# HELP with Rag Doll costume



## psox16 (Jun 6, 2009)

Hi Everybody! I've been working tirelessly on my rag doll costume for this year. I made the wig myself out of yarn and a winter cap! 

My original idea was a demented rag doll with all of the stitch marks and stuff. But right now my costume is looking really clean and sweet, and I kinda like it. She's like a brand new doll. It could definitely work.
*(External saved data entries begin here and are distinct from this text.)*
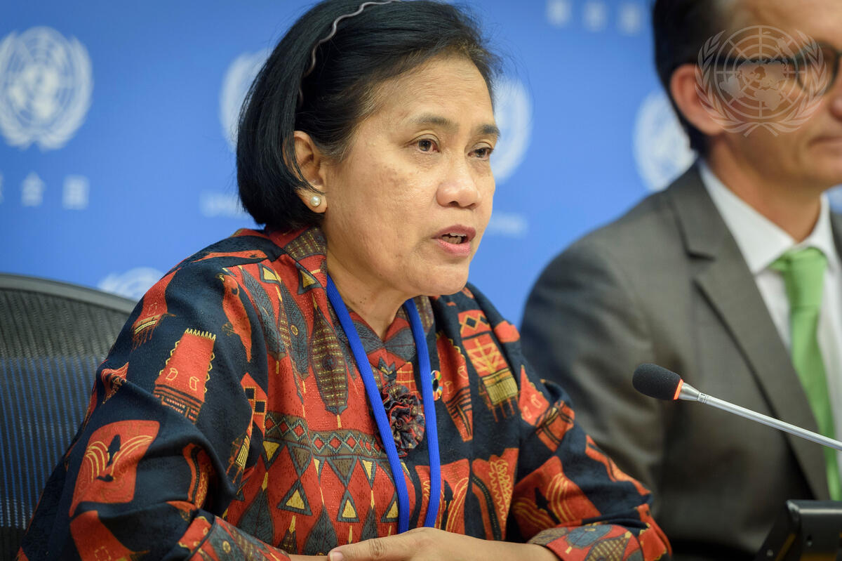 "Endah Murniningtyas, former Deputy Planning Minister of Indonesia and Co-chairs of the Global Sustainable Development Report 2019, briefs journalists on the report as guest at the noon briefing.
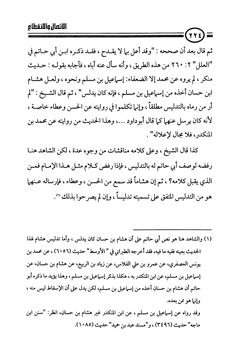 (¬١) والشاهد هنا هو نص أبي حاتم على أن هشام بن حسان كان يدلس، وأما تدليس هشام لهذا الحديث بعينه ففيه ما فيه، فقد أخرجه الطبراني في " الأوسط" حديث (٦٠٥٦)، عن محمد بن يونس العصفري، عن عمرو بن علي الفلاس، عن زياد بن الربيع، عن هشام بن حسان، عن إسماعيل بن مسلم، عن ابن المنكدر به، هكذا بذكر إسماعيل بن مسلم، وهذا يؤيد ما ذكره أبو حاتم أن هشام بن حسان أخذه من إسماعيل بن مسلم، لكن يدل على أن الإسقاط ليس منه، وإنما هو ممن بعده.
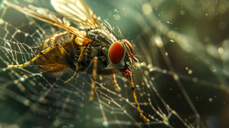 House fly trapped in spider web struggling to break free
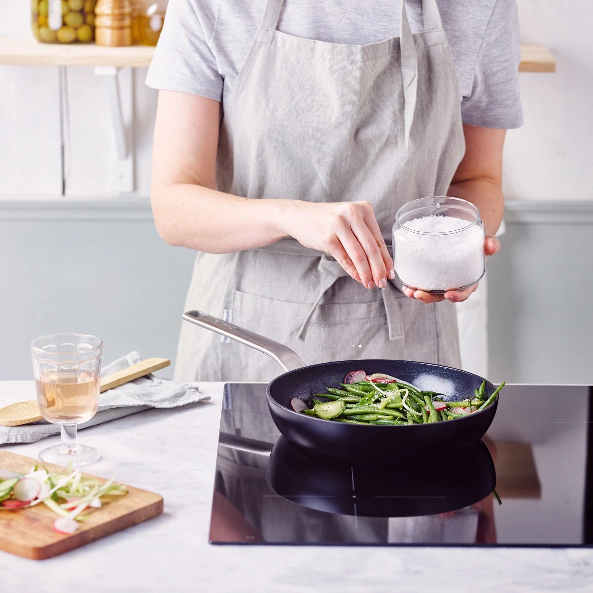 Itโs healthy, performs incredible and itโs beyond beautiful! Evolution is a real showstopper: a sleek jet black design, matte stainless steel handles and a sparkly non-stick interior infused with diamonds. Absolutely stunning! This collection features our greatest innovations from the past 15 years: our state-of-the-art PFAS-free Thermolonโข ceramic non-stick coating enhanced with diamonds, our unique Balance Pro base technology, our Magnetoโข induction technology, our Scratch Guardโข technology for extreme durability and an XL cooking surface. Another unique feature: the detachable handle, which makes this range easy to recycle. Last but not least: the collection is made with recycled aluminium. Because we care about our planet.

So, I need your help deciding whether or not I should add all of the stitches and and darken her up a bit like I originally planned. 

Cute or dark?


----------



## Frankie's Girl (Aug 27, 2007)

I definitely think it would look cool if you aged and shredded the edges and such, but it's such a cute dress and the wig is really nice looking, so I'd vote to do a slightly goth doll look, like this:

http://www.ragdollcostume.org/images/gothic-rag-doll-makeup.jpg

If you do the makeup and choker like this, you don't have to shred or dye the costume at all. Just a creepy cute doll look. I'm not sure how the wig is made, but it would be so cute if you can get some little skulls (I've seen similar at the dollar tree) and make the pigtail holders.


----------



## psox16 (Jun 6, 2009)

I've seen that pic before. I'm not really into the goth thing, i kinda want her to look sad, like she had to watch her owner burn down in a fire, or a boy stole her and hid her in a closet for years. 
There's just something sad about rag dolls.


----------



## Wolfman (Apr 15, 2004)

Great job on the dress! That get up, with the wig, reminds me of a couple who attended a Hallowe'en party I enjoyed many years ago, back when I was single. They showed up in matching Raggedy Ann and Andy gingham and denim. But with a twist; their costumes were filthy, as was their exposed skin. And they had large stones stuck in their mouths that they had to take out to eat, drink and speak. When asked, wassup with the unwashed look and the stones, they said that was their costume - Dirty Cotton Rock Suckers!


----------